◆ ABOUT THIS TASK ◆
Word for word, restate the listing; omit the pictures.
──────── SOURCE MATERIAL
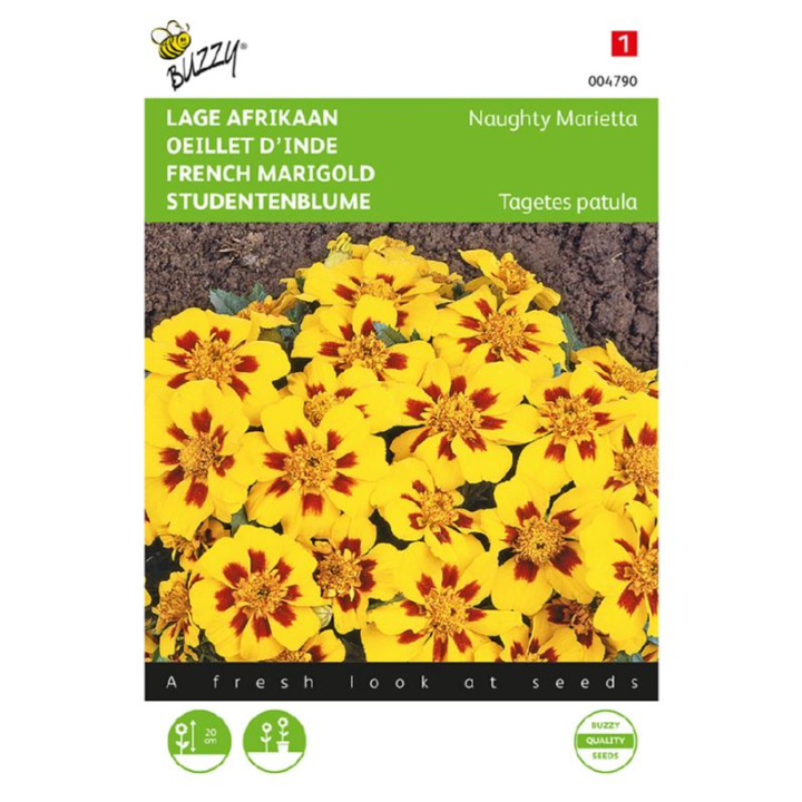 Charakteristika: Aksamitníky patří mezi nejznámější letničky, které známe také pod názvem afrikánky nebo smraďošky. Květy kolem sebe šíří specifickou vůni, která přirozeně odpuzuje škodlivý hmyz. Kvete velmi dlouho, květiny se tvoří neustále po celou sezónu. Aksamitník rozložitý ´Marietta´ kvete se zářivými, zlatožlutými okvětními lístky s výrazným, tmavě červeným středem. Dorůstá výšky 20 cm.
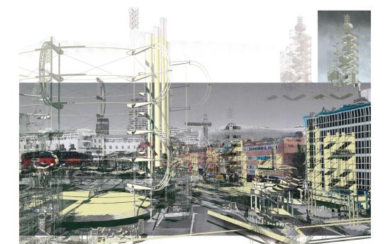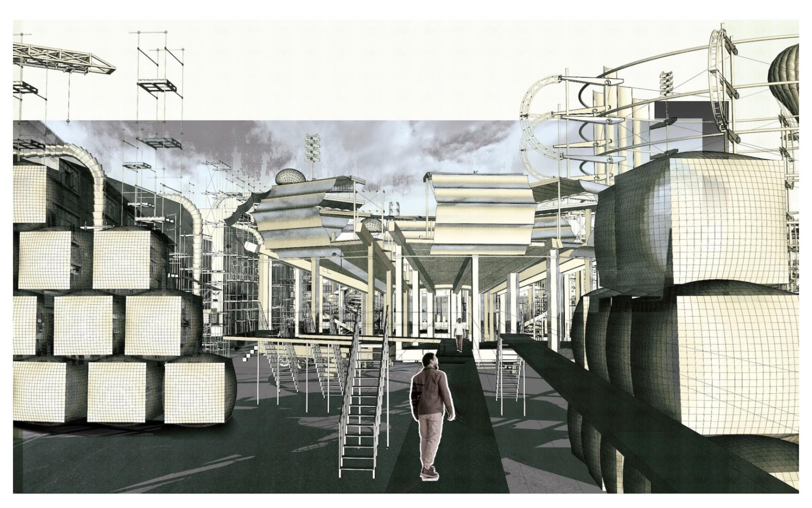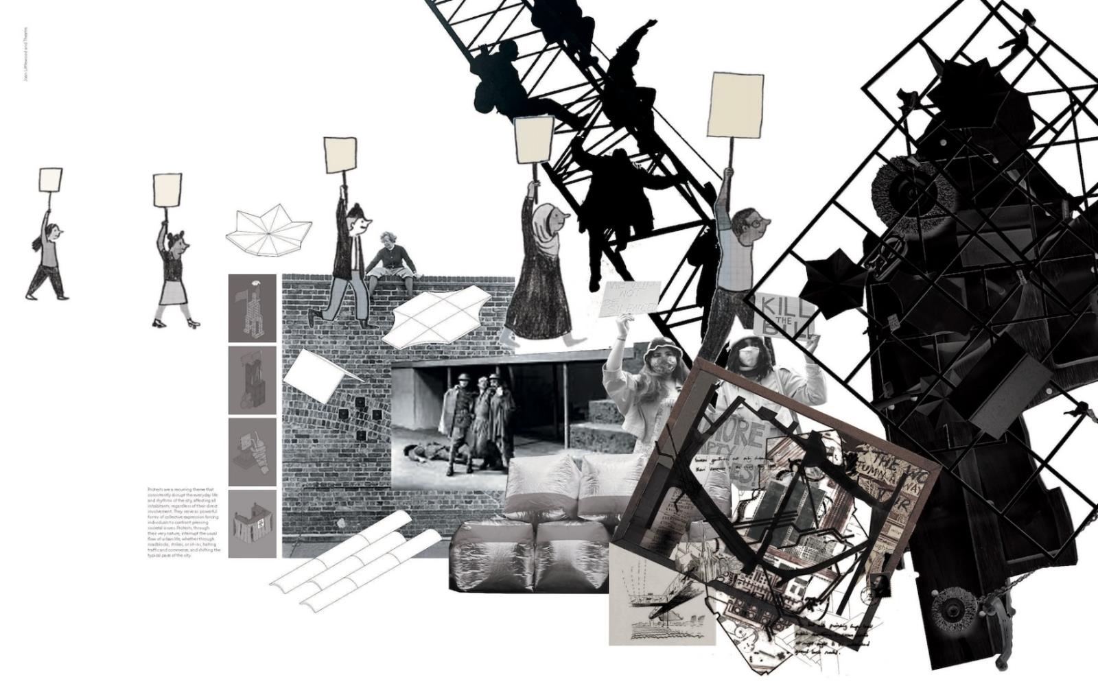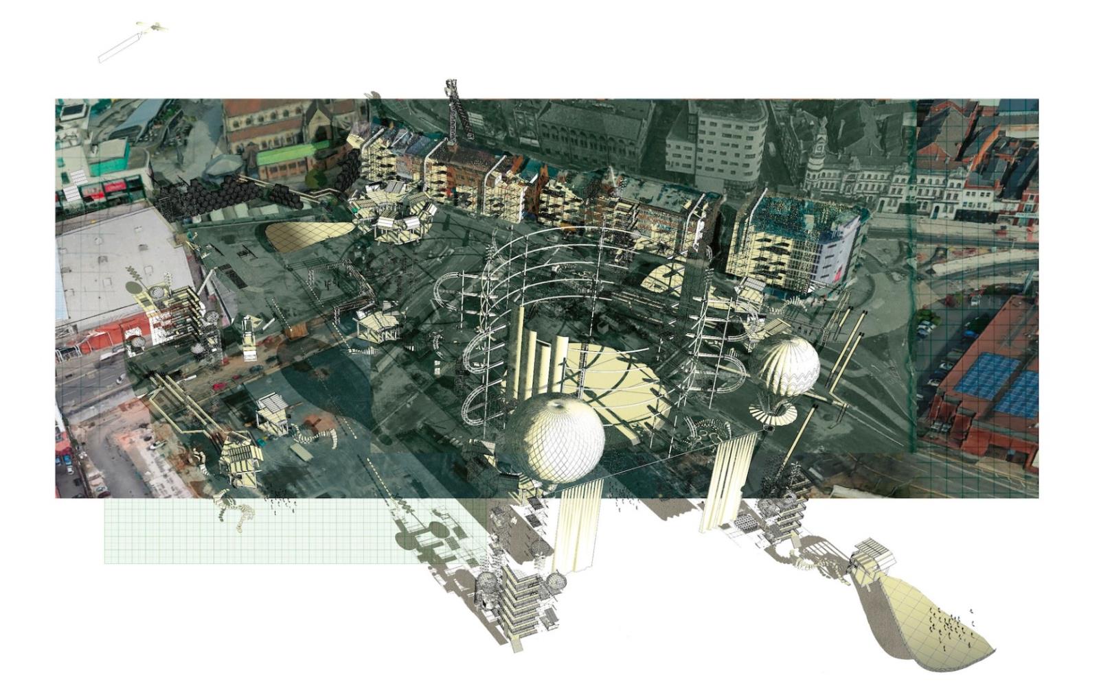 My thesis explores anti-urbanism and unitary urbanism that challenges conventional planning by embracing temporary, flexible uses of space. Inspired by the Situationist International (SI) and Joan Littlewood, it promotes a city shaped by protest, and public participation rather than capitalist control. Littlewood’s Fun Palace, designed with Cedric Price, envisioned a flexible, user-led environment, a vision echoed in this proposal for Birmingham’s Smithfield site.
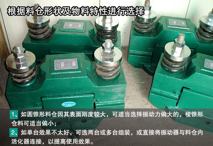 如單臺效果不太好,可選兩臺或多臺組裝,或直接將振動器與料倉內活化器連接,以提高使用效果。
────────────────
◆ COMPLETED TASK ◆
 Charakteristika: Aksamitníky patří mezi nejznámější letničky, které známe také pod názvem afrikánky nebo smraďošky. Květy kolem sebe šíří specifickou vůni, která přirozeně odpuzuje škodlivý hmyz. Kvete velmi dlouho, květiny se tvoří neustále po celou sezónu. Aksamitník rozložitý ´Marietta´ kvete se zářivými, zlatožlutými okvětními lístky s výrazným, tmavě červeným středem. Dorůstá výšky 20 cm.
 My thesis explores anti-urbanism and unitary urbanism that challenges conventional planning by embracing temporary, flexible uses of space. Inspired by the Situationist International (SI) and Joan Littlewood, it promotes a city shaped by protest, and public participation rather than capitalist control. Littlewood’s Fun Palace, designed with Cedric Price, envisioned a flexible, user-led environment, a vision echoed in this proposal for Birmingham’s Smithfield site.
 如單臺效果不太好,可選兩臺或多臺組裝,或直接將振動器與料倉內活化器連接,以提高使用效果。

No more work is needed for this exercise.